I’ve sometimes wondered if I’m just experiencing the Red Toyota Effect, which works like this: While shopping for a car, you make up your mind that you want a red Toyota … and soon after, you start noticing them all over the place, which leads you to think, “Holy moly! Everyone’s buying red Toyotas all of a sudden!” In fact, the red Toyotas were always there. You’re just noticing them now because owning a red Toyota is on your mind.
Sure, I’ve got diet on my mind. I write about diet, I think often about diet, I hang out in social media sites where the subject is diet. But I don’t believe I’m experiencing the Red Toyota Effect. I think there’s a real shift happening out there.
For starters, I keep seeing more mainstream media articles declaring that – surprise! — saturated fat doesn’t cause heart disease after all. Here are some quotes from an article in the U.K. Telegraph with the headline No link found between saturated fat and heart disease:
For the health conscious reader who has been stoically swapping butter for margarine for years the next sentence could leave a bad taste in the mouth.

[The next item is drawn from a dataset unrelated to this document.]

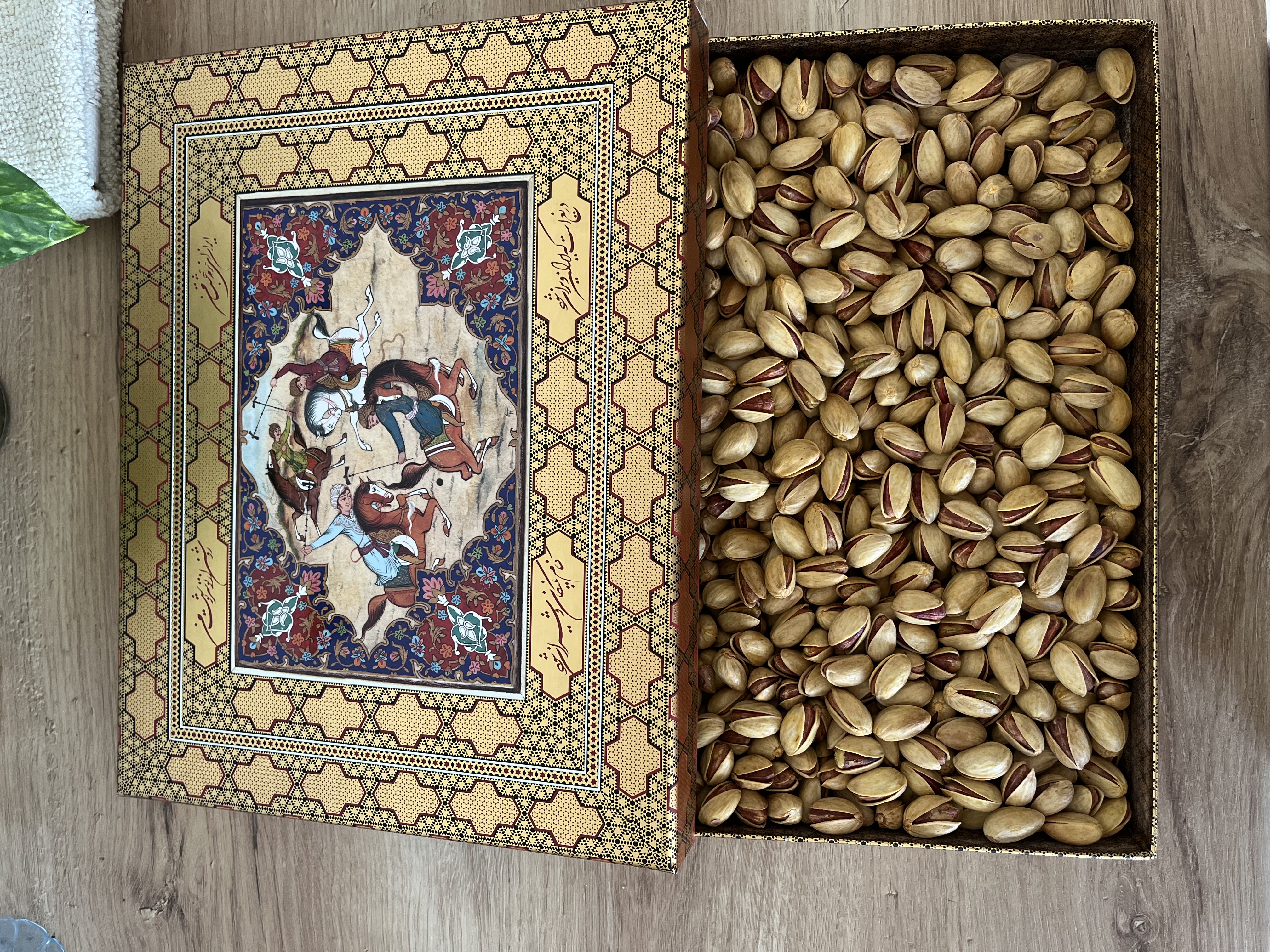 Отдельного внимания заслуживает упаковка. Фисташки поставляются в подарочной коробке с персидской миниатюрой на крышке, что делает продукт готовым подарком — статусным, небанальным и по-настоящему аутентичным. Это тот случай, когда ценность заключается не только во вкусе, но и в подаче.

Scientists have discovered that saturated fat does not cause heart disease while so-called ‘healthy’ polyunsaturated fats do not prevent cardiovascular problems.
In contrast with decades old nutritional advice, researchers at Cambridge University have found that giving up fatty meat, cream or butter is unlikely to improve health.
They are calling for guidelines to be changed to reflect a growing body of evidence suggesting there is no overall association between saturated fat consumption and heart disease.
Earlier this month Dr James DiNicolantonio of Ithica College, New York, called for a new public health campaign to admit ‘we got it wrong.’ He claims carbohydrates and sugar are more responsible.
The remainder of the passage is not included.